Is there a best way to build credit?

The credit bureaus use a few specific factors to calculate your credit score. Similar to the FICO formula, you need to understand why each factor is important, and what you need to do in order to help improve your credit score.

  • Keep balances low. For a better credit score, keep your balance under 30% of your card’s total limit. If your credit card has a $500 limit, don’t carry a balance of more than $150. If you use your card more than that, there’s a simple trick for having a lower balance reported. Just pay it down before the balance is reported to the credit bureaus (usually on the statement closing date, but check with your card issuer to be sure).
  • The most important factor is your payment history. Do you make your monthly payments on time? If you do, your score will slowly and steadily go up. At the same time, if you miss payments, your score will suffer.
  • Variety of different credit products in your file. Someone with a car loan, a mortgage and a credit card is easier to score that someone who only has a credit card.
  • The age of your credit history. You’ll reach a higher score with a long history of responsible credit use. Avoid closing old accounts because their age helps you, especially if you’ve also opened new accounts within the last few years.

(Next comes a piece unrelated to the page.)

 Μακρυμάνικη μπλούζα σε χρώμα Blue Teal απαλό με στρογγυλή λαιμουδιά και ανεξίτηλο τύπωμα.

VantageScore is another credit scoring model. VantageScore is very similar to FICO and uses the same criteria in similar proportions. VantageScore claims to more accurately score consumers who have a short or limited credit history.

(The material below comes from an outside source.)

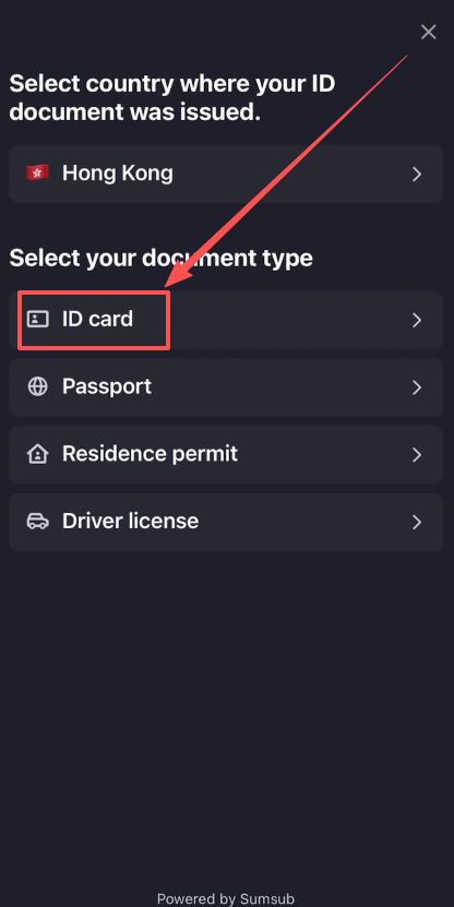 国家这里我们可以搜索到香港,下面可以选择你是用身份证、护照、居住证或者是驾照。我这里就选择【身份证】。

Wondering how you stack up against other Americans when it comes to credit? Most people find the highest scores hard to reach. Only 19% of Credit Sesame members were in the highest credit score range (720 or higher), while 25% have good scores (640-719). About a third fall in the fair score range, between 550 and 639, and about a quarter of our members had credit scores below 549.  This is a chart that shows credit scores, taken from a subset of Credit Sesame’s 7 million members collected October 2015.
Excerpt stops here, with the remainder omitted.